Wise Words – Love That Is Not Expressed Cannot Flow

“Love that is not expressed is like a check that is never cashed.  It doesn’t do any good for anyone.”

Raj Sisodia

I want to be a vehicle for giving and receiving love. What else is my spiritual practice for? On my best days, I give love freely. But there are also days when I am hesitant and leave that check uncashed. Why? Because giving love carries risk. There is a potential cost to my well-being.

Expressing love reveals that I care, which can make me feel vulnerable for several reasons. There is my fear of rejection. I may be afraid of looking foolish and simplistic for being so free with my love. Or I may fear someone will take advantage of me; they may interpret my openness as naiveté, a signal that my guard is down. Or I may worry my gift of love will do no good, that it will be wasted.

All of these fears come from the ego, that part of ourselves that has suffered the bumps and bruises of life and has learned the mechanisms that will protect us. Some of the things we fear may indeed come to pass. But there is also a cost to not expressing love. Something happens to us – the part that fears vulnerability, humiliation, impotence and scarcity grows a little bigger.    

The good that comes from loving happens when it circulates. It is easier to feel this circulation when we realize that love comes from a source outside ourselves. Love is not something we manufacture; we are the valve, not the engine, and our only choice is whether to let it move. Love wants to flow. When we hold it back, we feel a stuckness inside that slowly grinds the gears of our soul. 

What does it mean to express love? Let’s look at an example, say, encountering someone we are in conflict with over an unresolved issue. In your mind, compare what might happen if you met this person with a kind word versus a cold shoulder; if you listened deeply instead of pushing to make your point; if your internal stance was open and accepting instead of closed off and shut down. 

What might go wrong? The other person might feel vindicated, they might believe you are conceding the argument, they might view you as a sap who can be fooled again. For each of these, it is your ego self that is worried about these possibilities. But you know the true score. Being respectful, open and loving concedes nothing. All future actions are reserved and available to you. These fears tend to be overblown by the ego as a way to protect you.

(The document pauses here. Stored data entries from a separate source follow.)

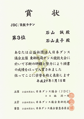 1月15日(日)に行われました“日本ダンス議会主催 東部総局ダンス競技会 B級ラテン部門”におきまして、 当教室会員の『石山 誠・石山 直子組』が見事3位という優秀な成績をおさめられました! おめでとうございました~ \(^0^)/
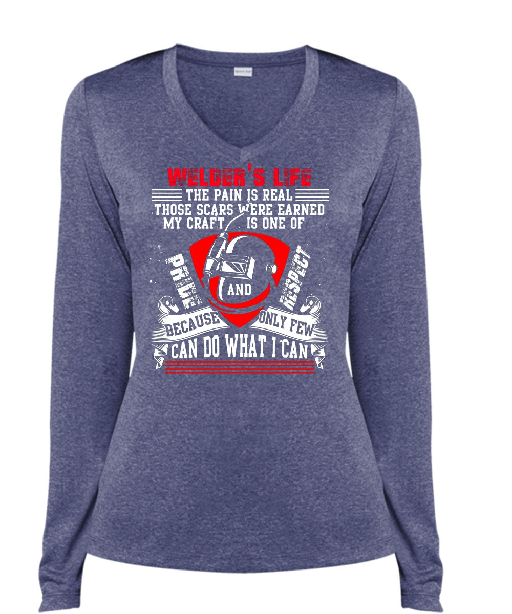 Welder's Life The Pain Is Real T Shirt, Being A Welder T Shirt, Cool Shirt (Ladies LS Heather V-Neck)
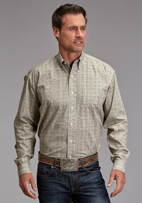 Allover Print On Cotton Poplin * Straight Bk Yoke W/Pleat * Stetson "S" Emb * "Stetson" Emb On Right Slv Placket * Solid Poplin Inside Trim * 2 Btn Adj Mitered Edge Cuff * Classic Btn Front Featuring Stacked Logo Btns
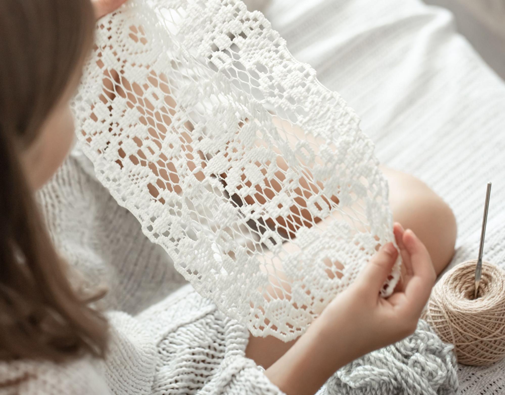 - Пушистую пряжу не берём: она “съест” изящество кружева и собирает пыль.
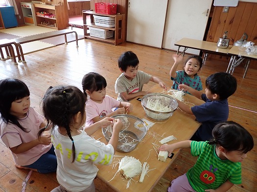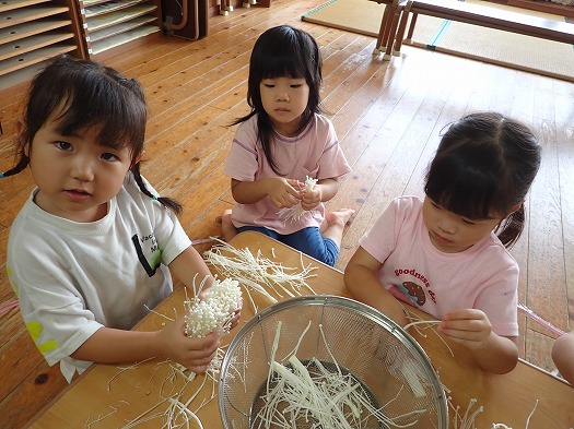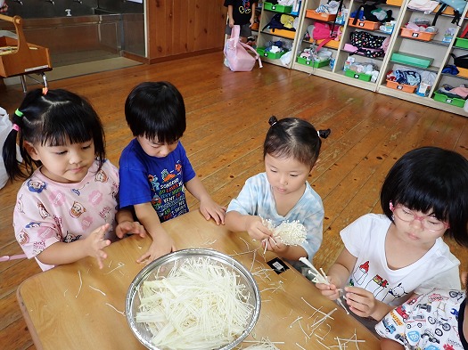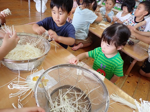 2025年10月01日 enoki 3歳児 つき 給食室の手伝いでえのき割きをしました。 夢中で割いていましたこどもたち。お手伝いありがとう。 その日の給食のメニューのえのき納豆でおいしくいただきました♪ 一覧へ戻る

What could go right? The person could soften and be more open to you. You could feel better that you were an agent of kindness instead of a collection of resentments. And more importantly, you would have added another piece in the ongoing training of your inner workings to default to expressing love. The valve would trend toward opening, making its release more likely in the future. 

Perhaps the biggest reason we withhold love is that most of us, in the deep residue of our wounds, do not feel worthy of love ourselves. We feel the need to hoard it. If we give love away, and the other person does not give back, we feel we have lost something. 

This is another trick of the ego, relentlessly working to keep us from harm. The ego does not realize that by circulating love, we actually feel more lovable. If we can open to the ocean of love around us, then the source of love can fill us and flow through us. The people we encounter can accept this flow or not, that is their choice.

Any love that spills to the ground does not diminish us; it is a rounding error in God’s bank account.